|Do birds compete or cooperate in order to survive?|
Birds are commonly thought of as being the paragon of monogamous fidelity, staying true to their mate for life. Yet, in most bird species, some nests contain offspring of individuals other than the ones tending the nest.
Why would a bird invest in another bird's offspring when genetically such parenting would seem to provide no evolutionary advantage? Many scientists are trying to understand how evolution leads to this phenomenon called "extra-pair parentage."
Erol Akçay, a postdoctoral fellow at Stanford University, is one such scientist who has examined the function of extra-pair parentage. His research has drawn some surprising conclusions, including the idea that extra-pair parentage might result from reproductive "agreements" and transactions between breeding individuals, instead of being the result of males and females "cheating" on each other.
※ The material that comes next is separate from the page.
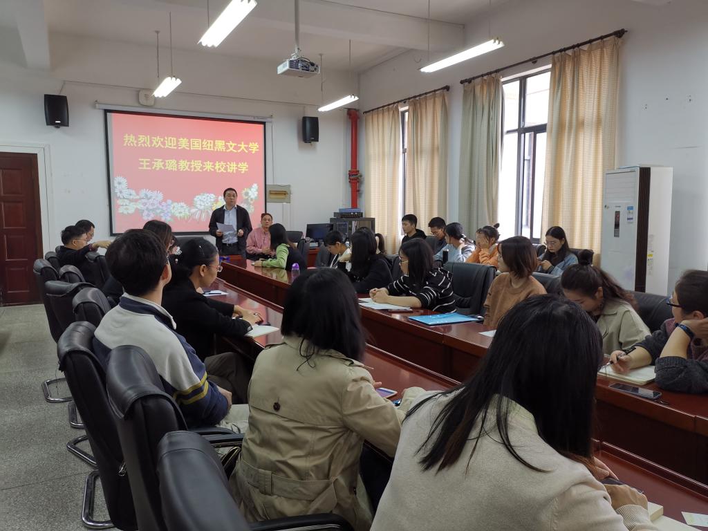 11月6日上午,美国纽黑文大学商学院营销学终身教授王承璐博士应邀来校,与伟德国际1946源于英国班子成员交流学科建设工作,为学院师生带来了一场精彩的学术辅导报告。报告会由伟德国际1946源于英国院长王济平主持。

Akçay is part of a group of leading theoretical biologists, ecologists, and mathematicians who gathered at the National Institute for Mathematical and Biological Synthesis (NIMBioS) on the University of Tennessee campus in Knoxville, June 10-12, to develop a new unified framework for evolutionary biology one that accounts for phenomena like the cooperative behavior exemplified by extra-pair parentage.
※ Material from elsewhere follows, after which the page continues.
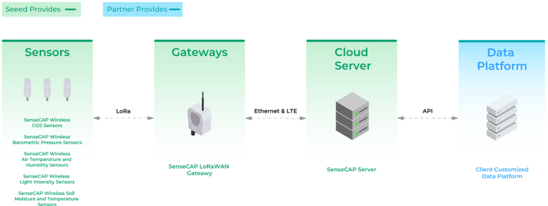 これらの課題を解決するため、鄧氏はSenseCAP LoRaWANシリーズのIIoT製品を活用したスマート農業技術の導入を決めました(図3)。LoRaWANプロトコルに基づくSenseCAPは、複数のISM帯をサポートし、世界中で導入可能です。IP66防水・防塵仕様により、スマート農業のような屋外環境で、低消費電力、長距離通信、長期間のデータ収集が実現できます。

The group's goal is to integrate the dynamics of how biological systems function and how these functional dynamics evolve. Functional dynamics refers to the processes that make an organism work, such as the physiological processes of the body, the hormones and cells, and the behavior of individuals. Evolution looks at how organisms change over time. "These two approaches actually complement each other and need to be looked at together," Akçay said.
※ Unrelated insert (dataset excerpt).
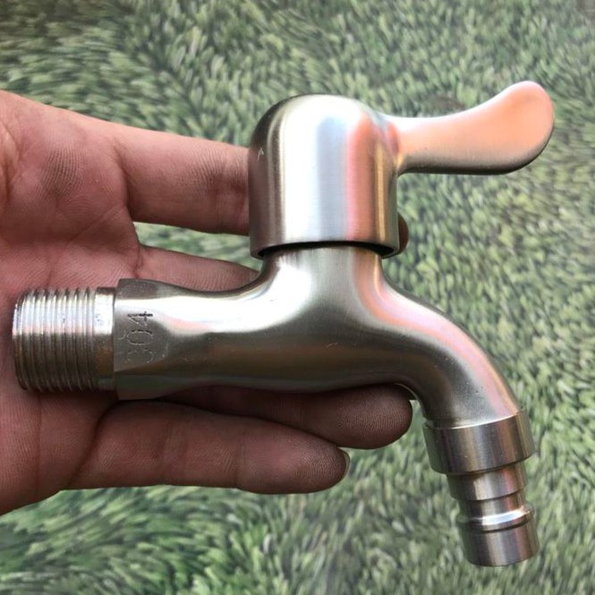 - Vòi nước inox 304 có đầu cấp là phi 21 thường dùng đối với mọi nhà dân, đầu xả có khấc nối nhanh có thể dùng để bắt vòi máy giặt hoặc khớp nối nhanh dẫn nước.

Using bird behavior as an example of functional dynamics, Akçay said, male and female birds care for their offspring, defend against predators, and bring food to the nest. "But should what the birds are doing be viewed as cooperation or competition?" he asks. "In other words, to assure the survival of their offspring, are the birds working together or separately as individuals?"
From an evolutionary perspective, if the birds are working as a team, Akçay continues, how does their teamwork evolve over time? If they're working as individuals against each other, how does each bird play against the other to make the other do more work?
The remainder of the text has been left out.